Il est important de noter qu’environ 15 % des effondrements d’écosystèmes dans nos simulations se sont produits à la suite de nouveaux stress ou d’événements extrêmes, tandis que le stress principal est resté constant. En d’autres termes, même si nous pensons gérer durablement les écosystèmes en maintenant constants les principaux niveaux de stress, par exemple en régulant les captures de poissons, nous ferions mieux de garder un œil sur les nouveaux stress et les événements extrêmes.

Il n’y a pas de renflouements écologiques

Des études antérieures ont suggéré que les coûts importants liés au dépassement des points de basculement dans les grands écosystèmes se répercuteront à partir du deuxième moitié de ce siècle. Mais nos résultats suggèrent que ces coûts pourraient survenir beaucoup plus tôt.

Nous avons constaté que la vitesse à laquelle le stress est appliqué est essentielle pour comprendre l’effondrement du système, ce qui est probablement également pertinent pour les systèmes non écologiques. En effet, la rapidité accrue de la couverture des informations et des processus bancaires mobiles a récemment été invoquée comme augmentant le risque d’effondrement des banques.
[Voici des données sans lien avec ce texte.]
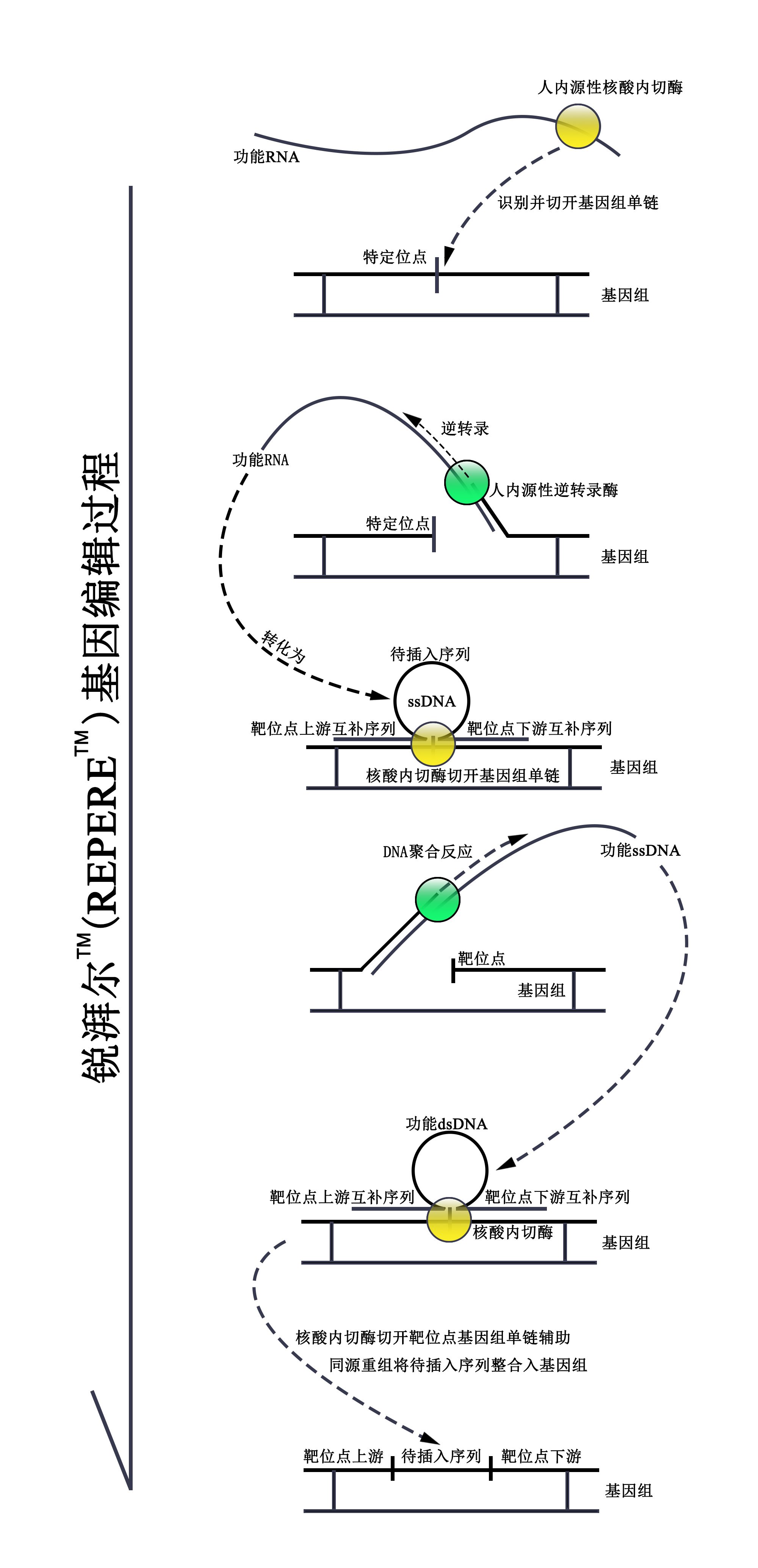 锐湃尔™应用人类基因组中的重复元件(Alu元件及LINE-1转座子)、人源核酸内切酶以及逆转录酶ORF2p,整个技术完全为人源,锐湃尔™可识别基因组上待插入序列上游的长序列片段并剪切基因组靶位点的DNA单链,同时将含有待插入序列的RNA转化为双链DNA,最终经同源重组将待插入序列插入至基因组中。该技术由于仅在待插入位点处形成双链DNA、识别序列长以及完全为人源等特点,以及人和高级哺乳动物内源性等特点,使得其具有高靶向性、低脱靶率及极低抗原性等优势,并可以较高效率向基因组插入长片段序列。同时,该技术所采用的核酸内切酶仅切开基因组单链,此后通过同源重组进行序列插入,极大的避免了使基因组发生双链断裂的风险,因此具有较高的安全性。

En tant que journaliste Gillian Tett a observé:

« L’effondrement de la Silicon Valley Bank a fourni une leçon horrible sur la façon dont l’innovation technologique peut modifier de manière inattendue la finance (dans ce cas, en intensifiant l’élevage numérique). Les récents crashs flash en offrent une autre. Cependant, ce sont probablement un petit avant-goût de l’avenir des boucles de rétroaction virales. . »
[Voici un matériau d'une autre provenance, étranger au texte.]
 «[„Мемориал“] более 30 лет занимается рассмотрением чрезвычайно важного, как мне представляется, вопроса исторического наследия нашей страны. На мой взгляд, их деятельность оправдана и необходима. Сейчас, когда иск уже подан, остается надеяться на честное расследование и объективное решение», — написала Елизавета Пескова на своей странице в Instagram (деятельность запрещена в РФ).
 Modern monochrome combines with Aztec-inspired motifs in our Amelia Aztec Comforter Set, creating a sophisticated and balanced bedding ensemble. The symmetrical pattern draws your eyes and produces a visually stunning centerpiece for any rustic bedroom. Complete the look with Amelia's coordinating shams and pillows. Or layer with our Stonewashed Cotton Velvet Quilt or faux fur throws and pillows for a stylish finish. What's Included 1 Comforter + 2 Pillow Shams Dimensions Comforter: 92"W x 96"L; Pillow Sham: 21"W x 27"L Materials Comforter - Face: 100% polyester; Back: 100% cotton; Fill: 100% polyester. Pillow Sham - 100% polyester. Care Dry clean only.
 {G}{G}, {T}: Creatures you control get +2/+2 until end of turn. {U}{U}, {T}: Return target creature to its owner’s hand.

Mais là, la comparaison entre les systèmes écologiques et économiques s’épuise. Les banques peuvent être sauvées tant que les gouvernements fournissent un capital financier suffisant pour les renflouer. En revanche, aucun gouvernement ne peut fournir le capital naturel immédiat nécessaire pour restaurer un écosystème effondré.
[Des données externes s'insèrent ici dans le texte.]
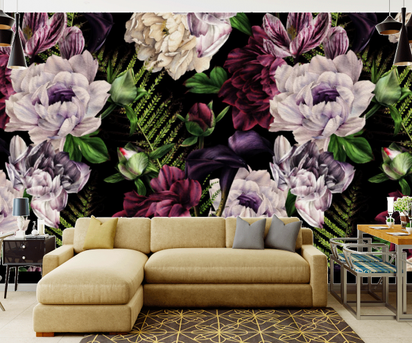 Фотообои Цветы на чёрном
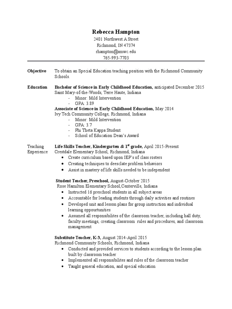 Resume 2 Preschool Teachers Free 30 Day Trial Scribd
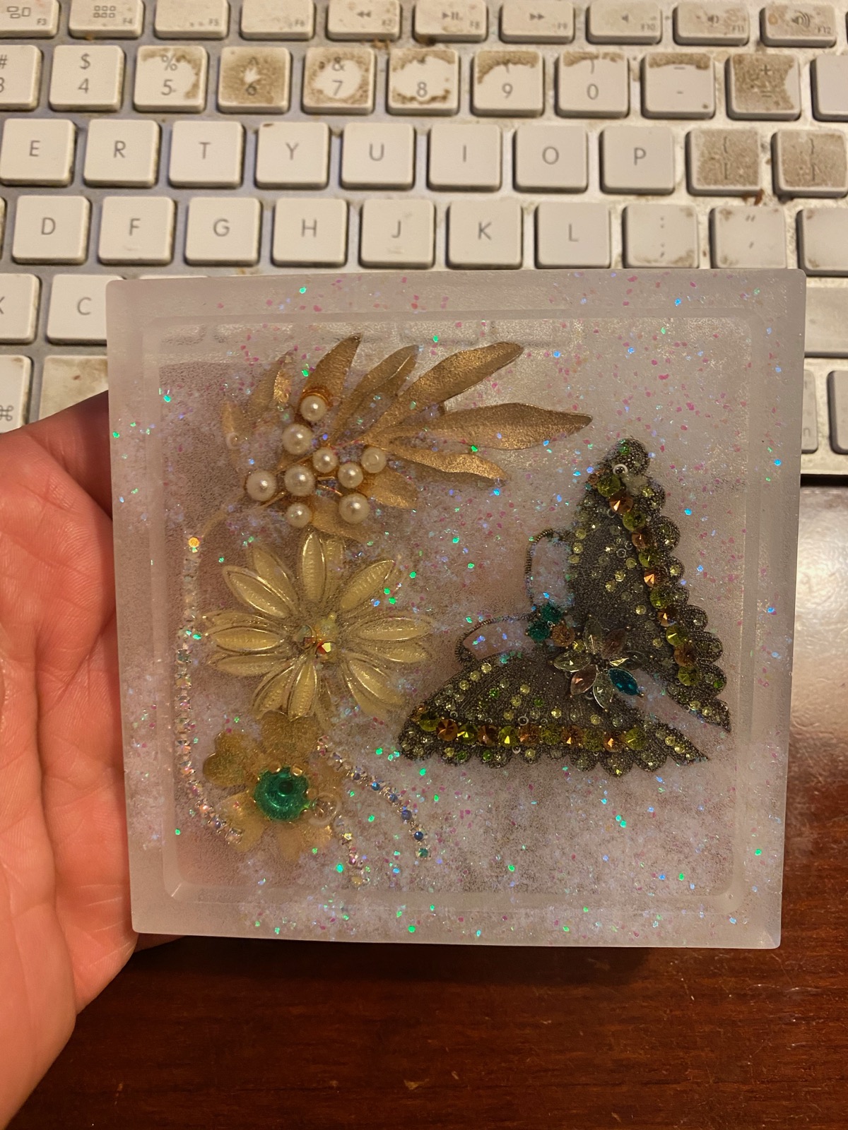 For the background in how I reuse old previously loved, broken and vintage jewelry and the gaudy baubles box visit: https://bitetheroad.com/dec2019recap/

Il n’existe aucun moyen de restaurer les écosystèmes effondrés dans un délai raisonnable. Il n’y a pas de renflouements écologiques. Dans le langage financier, nous n’aurons qu’à encaisser le coup.

Plus d’information:
Simon Willcock et al, Effondrement antérieur des écosystèmes anthropocènes entraîné par plusieurs moteurs plus rapides et plus bruyants, Durabilité naturelle (2023). DOI : 10.1038/s41893-023-01157-x

Fourni par La Conversation

Cet article est republié de La conversation sous licence Creative Commons. Lis le article original.